As I mentioned in my previous post, I’ve been writing an article on the subject of international diplomacy by members of Congress, with an emphasis on congressional delegations (“CODELs”) to foreign countries. Information about CODEL practice has been pretty limited, so one of my purposes has been simply to provide a more complete account of how frequently CODELs travel overseas, who is participating, where they go, and what they do when they get there. To do so, I collected information from the State Department cables that Wikileaks released to the public in 2010-11, many of which provide detailed accounts of meetings between members of Congress and foreign governments. I also collected information from official reports on publicly and privately financed congressional travel.
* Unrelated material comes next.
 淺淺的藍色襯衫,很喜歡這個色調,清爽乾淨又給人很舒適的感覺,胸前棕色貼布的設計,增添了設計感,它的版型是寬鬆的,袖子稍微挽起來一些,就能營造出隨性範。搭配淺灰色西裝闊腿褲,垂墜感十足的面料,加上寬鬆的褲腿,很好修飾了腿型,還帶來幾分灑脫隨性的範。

Some of the reports were published in the Congressional Record pursuant to federal statute; others were published in accordance with House and Senate ethics rules. The data is quite voluminous, so I focused only on travel that happened in 2009—the most recent year for which the available information is the most complete. Counting each country visit by each legislator as one trip, and adding the data from the various sources, I came up with the following.

A total of 420 federal legislators, or approximately 79% of the combined membership of the House and Senate, completed slightly more than 2000 trips abroad in 2009. Members of the House were responsible for 84.5% of this travel, for an average of 4.0 trips per member, while members of the Senate were responsible for 15.5%, for an individual average of 3.2 trips. Legislators from both parties participated in comparable measure: Democrats averaged 4.09 trips per legislator, while Republicans averaged 3.56.
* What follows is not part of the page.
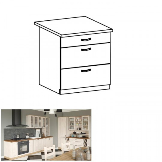 Spodní šuplíková skříňka, ROYAL D80S3 Materiál: korpus je vyroben z kvalitní laminované dřevotřísky Barva: bílá/sosna skandinávska Rozměry ŠxHxV: 80x47x82 cm Tloušťka materiálu: 15 mm Dodávané v demontu. Spodní skříňky ke kuchyni ROYAL jsou dodávány bez pracovní desky a bez soklu. Pracovní desku Dub Porterhouse tmavý lze doobjednat v tloušťce 3,8 cm v ceně 1690 Kč/1 bm. Ke každé dolní skříňce, kromě rohových skříněk D25PZ, je třeba doobjednat i sokel v provedení dub divoký v ceně 280 Kč/1 bm a 2 kusy úchytů na sokl v ceně 30 Kč/2 ks. Ke spodním skříňkám máte možnost dokoupit také ukončení na sokl o hloubce 47 cm a 56 cm za 140 Kč. Objednávku vepište do poznámky v objednávkovém formuláři.

Legislators engaged in diplomacy unevenly. While some never went abroad even once, fifty-four legislators made at least 10 foreign trips during the year; the most frequent fliers were Eni Faleomavaega (24 trips) (D-AS), Jim McDermott (21) (D-WA), Adam Smith (17) (D-WA), Gabrielle Giffords (16) (D-AZ), Sheila Jackson-Lee (16) (D-TX), Lindsey Graham (15) (R-SC), Gregory Meeks (15) (D-NY), Jeff Miller (15) (R-FL), Solomon Ortiz (15) (D-TX), Dana Rohrabacher (15) (R-CA), and Joe Wilson (15) (R-SC). By comparison, Secretary Clinton made 51 trips to foreign countries over the same period.
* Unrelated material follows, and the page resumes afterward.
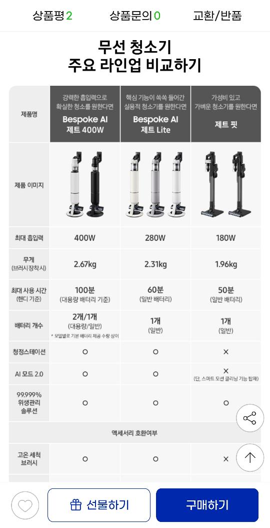 제품 특징으로는 삼성 무선청소기 라인업 중 가장 가볍습니다.

Legislators traveled widely. CODELs visited at least 117 countries in 2009. The most frequent destinations were Afghanistan (139 trips), Israel (134), Kuwait (119), United Arab Emirates (86), Germany (73), Iraq (72), Pakistan (53), Jordan (49), Belgium (47), and Italy (47). An overwhelming majority of this travel was publicly funded.

Finally, members of congressional committees with jurisdiction over foreign affairs and related matters were more likely to participate in CODELs than other legislators. For example, the House Foreign Affairs Committee, averaged 6.89 trips per member, while the House Administration Committee averaged only 2.33. Similarly, the Senate Foreign Relations Committee averaged 5.53 trips per member, while the Senate Veterans’ Affairs Committee averaged only 1.33 trips.

In my next post, I’ll offer a few observations about why I think these results are significant, and why they raise some interesting separation of powers questions.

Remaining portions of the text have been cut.